Потеряв Элис, я утратил вкус к жизни.

Мне становилось восемнадцать, девятнадцать, двадцать, я взрослел, терял последние седые волоски. Каждое утро я отправлялся на работу — к Бэнкрофту, кашлял от книжной пыли и возвращался домой поздними вечерами как верный семьянин. Я заботился о маме, младшей сестренке Мине, а также о счетах и состоянии домов 1 и 2 по Саут-Парк-авеню. Наполненную призраками прошлого нижнюю квартиру снимали новые жильцы; они не были евреями, и меня больше никогда не приглашали вниз по субботам, чтобы вылить забытую чашку чая или развести огонь. Вместо этого я стал хозяином красок и лаков, командиром трубочистов.

Отъезд Элис вызвал у меня навязчивые воспоминания всех деталей их бегства и бесчисленные попытки обнаружить хоть малейший след. Я беседовал со всеми шабес-гоями, которых встречал, и не отпускал их, пока те не соглашались поспрашивать в еврейских домах и синагогах, куда Леви часто ходили по праздничным субботам.

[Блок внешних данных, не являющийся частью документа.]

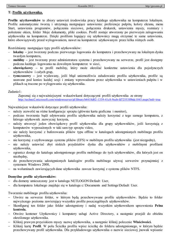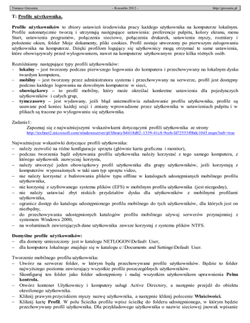 Tomasz Greszata - Koszalin 2012 - http://greszata.pl T: Profile użytkownika. Profile użytkowników to zbiory ustawień środowiska pracy każdego użytkownika na komputerze lokalnym. Profile automatycznie tworzą i utrzymują następujące ustawienia: preferencje pulpitu, kolory ekranu, menu Start, ustawienia programów, połączenia sieciowe, połączenia drukarek, ustawienia myszy, rozmiary i położenie okien, folder Moje dokumenty, pliki cookies. Profil zostaje utworzony po pierwszym zalogowaniu użytkownika na komputerze. Dzięki profilom logujący się użytkownicy mogą otrzymać te same ustawienia, które obowiązywały przed wylogowaniem, nawet na komputerze użytkowanym przez kilka różnych osób. Rozróżniamy następujące typy profili użytkowników: lokalny – jest tworzony podczas pierwszego logowania do komputera i przechowywany na lokalnym dysku twardym komputera, mobilny – jest tworzony przez administratora systemu i przechowywany na serwerze, profil jest dostępny podczas każdego logowania na dowolnym komputerze w sieci, obowiązkowy – to profil mobilny, który może określać konkretne ustawienia dla pojedynczych użytkowników i całych grup, tymczasowy – jest wydawany, jeśli błąd uniemożliwia załadowanie profilu użytkownika, profile są usuwane pod koniec każdej sesji i zmiany wprowadzone przez użytkownika w ustawieniach pulpitu i w plikach są tracone po wylogowaniu się użytkownika. Zadanie1: Zapoznaj się z najważniejszymi wskazówkami dotyczącymi profili użytkownika ze strony http://technet2.microsoft.com/windowsserver/pl/library/b4418d02-1339-41c8-9eeb-fd72553f0bdc1045.mspx?mfr=true Najważniejsze wskazówki dotyczące profili użytkownika: należy zezwolić na różne konfiguracje sprzętu (głównie karta graficzna i monitor), podczas tworzenia bądź edytowania profilu użytkownika należy korzystać z tego samego komputera, z którego użytkownik zazwyczaj korzysta, należy utworzyć jeden obowiązkowy profil użytkownika dla grupy użytkowników, jeśli korzystają z komputerów wyposażonych w taki sam typ sprzętu video, nie należy korzystać z buforowania plików typu offline w katalogach udostępnianych mobilnego profilu użytkownika, nie korzystaj z szyfrowanego systemu plików (EFS) w mobilnym profilu użytkownika (jest niezgodny), nie należy ustawiać zbyt niskich przydziałów dysku dla użytkowników z mobilnymi profilami użytkownika, ogranicz dostęp do katalogu udostępnionego profilu mobilnego do tych użytkowników, dla których jest on niezbędny, do przechowywania udostępnionych katalogów profilu mobilnego używaj serwerów przynajmniej z systemem Windows 2000, na woluminach zawierających dane użytkownika zawsze korzystaj z systemu plików NTFS. Domyślne profile użytkowników: dla domeny umieszczony jest w katalogu NETLOGON\Default User, dla komputera lokalnego znajduje się w katalogu c:\Documents and Settings\Default User. Tworzenie mobilnego profilu użytkownika: Utwórz na serwerze folder, w którym będą przechowywane profile użytkowników. Będzie to folder najwyższego poziomu zawierający wszystkie profile poszczególnych użytkowników. Skonfiguruj ten folder jako folder udostępniony i nadaj wszystkim użytkownikom uprawnienia Pełna kontrola. Otwórz kontener Użytkownicy i komputery usługi Active Directory, a następnie przejdź do obiektu określonego użytkownika. Kliknij prawym przyciskiem myszy nazwę użytkownika, a następnie kliknij polecenie Właściwości. Kliknij kartę Profil. W polu Ścieżka profilu wpisz ścieżkę do folderu udostępnionego, w którym będzie przechowywany profil użytkownika. Dla przykładowego użytkownika o nazwie sieciowej jnowak wpisanie Tomasz Greszata - Koszalin 2012 - http://greszata.pl ścieżki \\udział_sieciowy\profile\%username% spowoduje utworzenie katalogu o nazwie jnowak w folderze Profile na serwerze, na którym są przechowywane profile użytkowników. Zadanie2: Założyć konto lokalne o nazwie tomek. Sprawdzić czy jest katalog z profilem dla tego użytkownika. Zalogować się na to konto. Dokonać konfiguracji Ekranu. Wylogować się. Z konta administratora sprawdzić, czy jest katalog z profilem użytkownika tomek. Usunąć katalog z profilem i zalogować się na konto tomek. Dokonać konfiguracji Ekranu. Zalogować się na konto administratora i skopiować profil tomek do katalogu Default User. Założyć nowe konto o nazwie adam. Zalogować się na nie. Jaki profil został załadowany? Zadanie3: Założyć konto użytkownika o nazwie adam w dowolnej jednostce Active Directory. Sprawdzić, czy został założony katalog z profilem dla tego użytkownika. Zalogować się na dowolnym komputerze na konto adam i wylogować. Jakie ustawienia Ekranu zastały załadowane dla tego użytkownika? Czy został utworzony na serwerze katalog z profilem tego użytkownika? Zalogować się ponownie na konto użytkownika adam, dokonać zmian w ustawieniach Ekranu i wylogować się. Skopiować na kontrolerze domeny profil użytkownika adam do katalogu NETLOGON\Default User. Usunąć katalog z profilem użytkownika adam. Zalogować się na komputerze na konto adam. Jakie ustawienia zostały załadowane? Zadanie4: Sprawdzić, czy możliwe jest zalogowanie się na konto użytkownika, który ma prawa tylko do odczytu do własnego profilu (zabezpieczenia NTFS). Zadanie5: Profile użytkownika stają się obowiązkowe, kiedy nazwa pliku NTuser.dat na serwerze zostanie zmieniona na NTuser.man. To rozszerzenie powoduje, że profil użytkownika jest dostępny tylko do odczytu (po wylogowaniu użytkownika zmiany dokonane w profilu nie są zapisywane na serwerze). Sprawdź tę zasadę na przykładzie utworzonych wcześniej kont. Zadanie6: W jaki sposób ustawić sieciową ścieżkę do profili (jednakową dla każdego konta) dla lokalnych użytkowników asso na komputerach w pracowni szkolnej? Uwaga: Udostępniony zasób należy skonfigurować przed konfiguracją profili

Я заставил Хьюго бродить по магазинам одежды, где старшая Леви покупала платья, и кокетливо рассказывать, как он скучает по пропавшей тете и ее симпатичной дочке. Сам же я вскрывал половицы в спальне, убежденный, что слышал скрип тайника; короче говоря, я сходил с ума. Несмотря на все усилия, не нашлось ни одной зацепки.

Хьюго пытался меня спасти. Таскал на представление Лотты Крэбтри, разрисованной жженой пробкой и нацепившей жуткий парик, что помогало ей пародировать Дженни Линд; покупал мне мясные пирожки на рынке, клубничную газировку в Слэйвене, водил на молочные ванны Анны Хэлд в Болдуин, давал покурить марихуану в полнолуние, когда мы напились на О’Фаррэле.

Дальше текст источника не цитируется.